■ **INFORMATION PROVIDED**
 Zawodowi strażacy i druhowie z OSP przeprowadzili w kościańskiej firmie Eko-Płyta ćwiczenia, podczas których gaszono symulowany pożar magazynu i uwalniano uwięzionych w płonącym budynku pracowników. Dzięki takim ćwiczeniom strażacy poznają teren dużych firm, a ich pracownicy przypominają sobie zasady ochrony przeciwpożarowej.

==

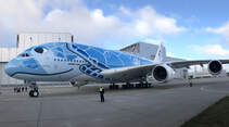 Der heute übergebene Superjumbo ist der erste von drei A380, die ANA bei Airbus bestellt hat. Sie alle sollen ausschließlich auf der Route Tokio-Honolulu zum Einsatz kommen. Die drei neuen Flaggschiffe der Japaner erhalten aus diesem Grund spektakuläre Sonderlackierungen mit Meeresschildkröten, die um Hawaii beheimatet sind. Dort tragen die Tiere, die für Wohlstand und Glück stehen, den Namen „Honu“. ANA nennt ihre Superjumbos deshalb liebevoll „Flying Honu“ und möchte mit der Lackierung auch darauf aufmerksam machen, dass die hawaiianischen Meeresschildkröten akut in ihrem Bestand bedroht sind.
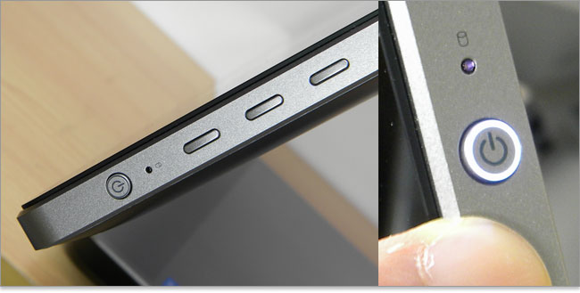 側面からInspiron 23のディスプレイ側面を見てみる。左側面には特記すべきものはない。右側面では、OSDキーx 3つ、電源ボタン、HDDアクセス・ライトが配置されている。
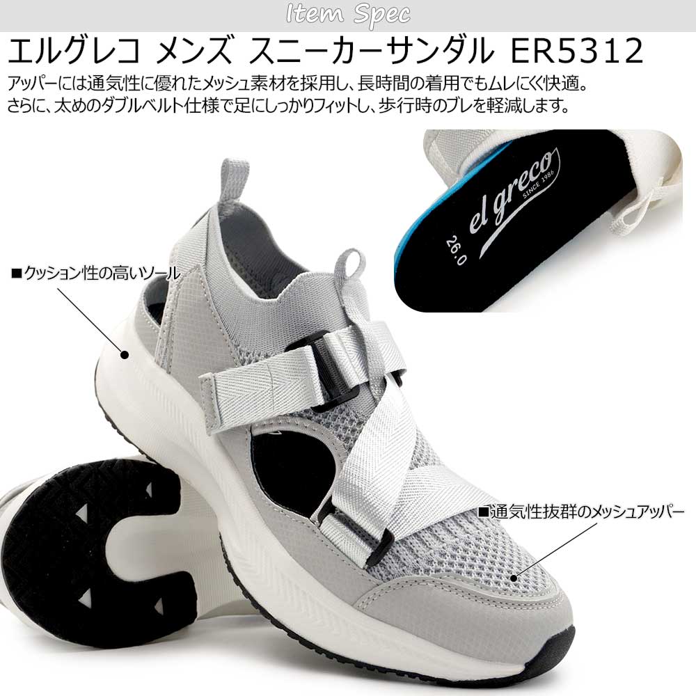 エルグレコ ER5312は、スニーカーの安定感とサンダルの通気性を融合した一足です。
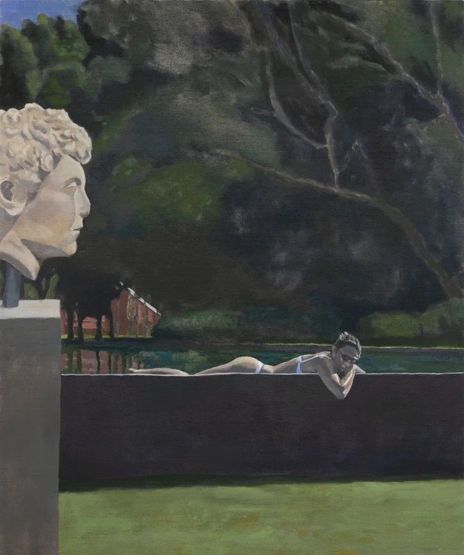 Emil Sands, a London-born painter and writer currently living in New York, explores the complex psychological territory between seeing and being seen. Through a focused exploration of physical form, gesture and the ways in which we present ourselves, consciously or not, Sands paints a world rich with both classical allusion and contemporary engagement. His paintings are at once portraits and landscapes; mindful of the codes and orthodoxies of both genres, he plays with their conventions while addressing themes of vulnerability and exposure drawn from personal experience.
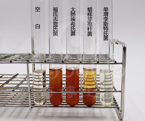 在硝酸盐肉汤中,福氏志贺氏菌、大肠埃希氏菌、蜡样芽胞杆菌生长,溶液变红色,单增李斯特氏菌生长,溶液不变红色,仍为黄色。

■ **TASK BRIEF**
What is needed is an exact copy of the lines above, from the one holding "Der heute übergebene" down to the one holding "エルグレコ ER5312は、", with those two included and the pictures left out.

■ **EXPECTED ANSWER**
 Der heute übergebene Superjumbo ist der erste von drei A380, die ANA bei Airbus bestellt hat. Sie alle sollen ausschließlich auf der Route Tokio-Honolulu zum Einsatz kommen. Die drei neuen Flaggschiffe der Japaner erhalten aus diesem Grund spektakuläre Sonderlackierungen mit Meeresschildkröten, die um Hawaii beheimatet sind. Dort tragen die Tiere, die für Wohlstand und Glück stehen, den Namen „Honu“. ANA nennt ihre Superjumbos deshalb liebevoll „Flying Honu“ und möchte mit der Lackierung auch darauf aufmerksam machen, dass die hawaiianischen Meeresschildkröten akut in ihrem Bestand bedroht sind.
 側面からInspiron 23のディスプレイ側面を見てみる。左側面には特記すべきものはない。右側面では、OSDキーx 3つ、電源ボタン、HDDアクセス・ライトが配置されている。
 エルグレコ ER5312は、スニーカーの安定感とサンダルの通気性を融合した一足です。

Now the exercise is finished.